> _ASSIGNMENT_
The answer is the data repeated in full, with no pictures included.

> _DATA PROVIDED_
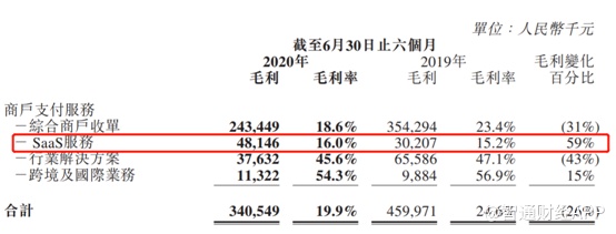 财报显示,2020年上半年汇付天下SaaS服务完成交易量1108亿元,同比增长45%;交易笔数155896万笔,同比大增159%,单日扫码交易峰值超1300万笔;实现营业收入3亿元,同比增长51%;毛利4814.6万元,同比增长59%。今年上半年,汇付天下合作的SaaS机构由2019年底的392家增长至457家。今年8月20日,公司通过投资奥琦玮等公司以战略合作方式布局场景类SaaS业务。
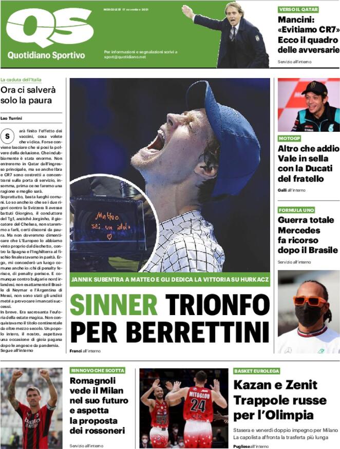 "Romagnoli vede il Milan nel suo futuro e aspetta la proposta dei rossoneri". Così in taglio basso il QS, che si occupa del futuro del centrale rossonero: dopo l'allontanamento degli scorsi mesi, sembra essersi clamorosamente riaperta la trattativa per il rinnovo del difensore, che attende un segnale dal suo club.
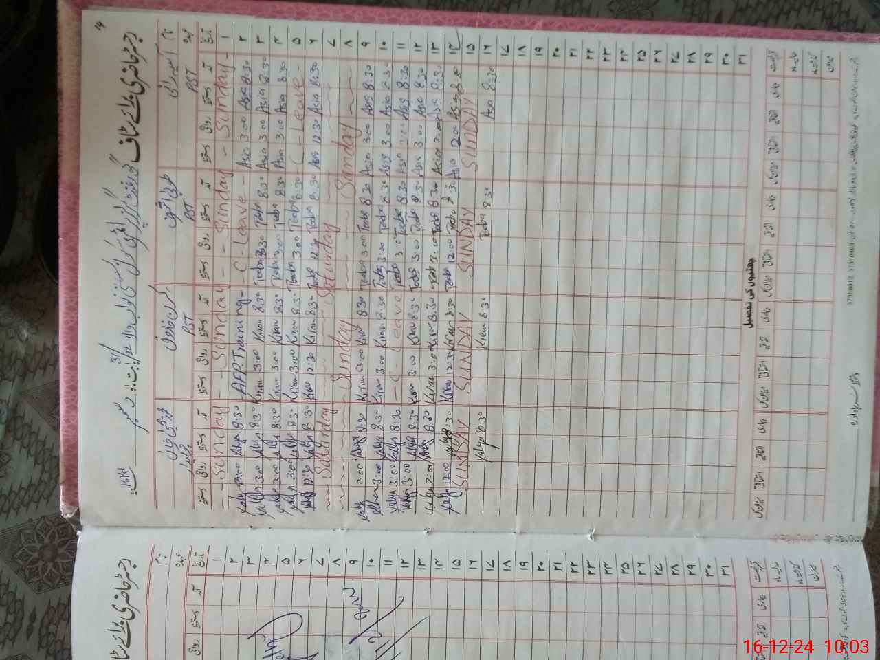 | Leave | Duty | Absent | Maternity | Medical | Ex- Pak |
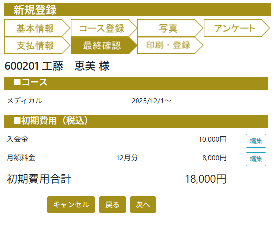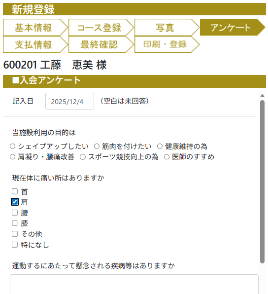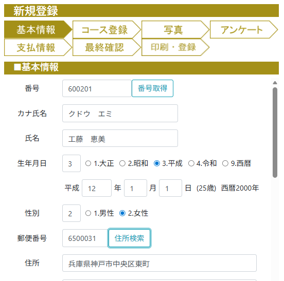 新規登録画面は、初めてのスタッフでも分かりやすく、画面に従って入力するだけで登録が完了します。

> _TASK RESULT_
 财报显示,2020年上半年汇付天下SaaS服务完成交易量1108亿元,同比增长45%;交易笔数155896万笔,同比大增159%,单日扫码交易峰值超1300万笔;实现营业收入3亿元,同比增长51%;毛利4814.6万元,同比增长59%。今年上半年,汇付天下合作的SaaS机构由2019年底的392家增长至457家。今年8月20日,公司通过投资奥琦玮等公司以战略合作方式布局场景类SaaS业务。
 "Romagnoli vede il Milan nel suo futuro e aspetta la proposta dei rossoneri". Così in taglio basso il QS, che si occupa del futuro del centrale rossonero: dopo l'allontanamento degli scorsi mesi, sembra essersi clamorosamente riaperta la trattativa per il rinnovo del difensore, che attende un segnale dal suo club.
 | Leave | Duty | Absent | Maternity | Medical | Ex- Pak |
 新規登録画面は、初めてのスタッフでも分かりやすく、画面に従って入力するだけで登録が完了します。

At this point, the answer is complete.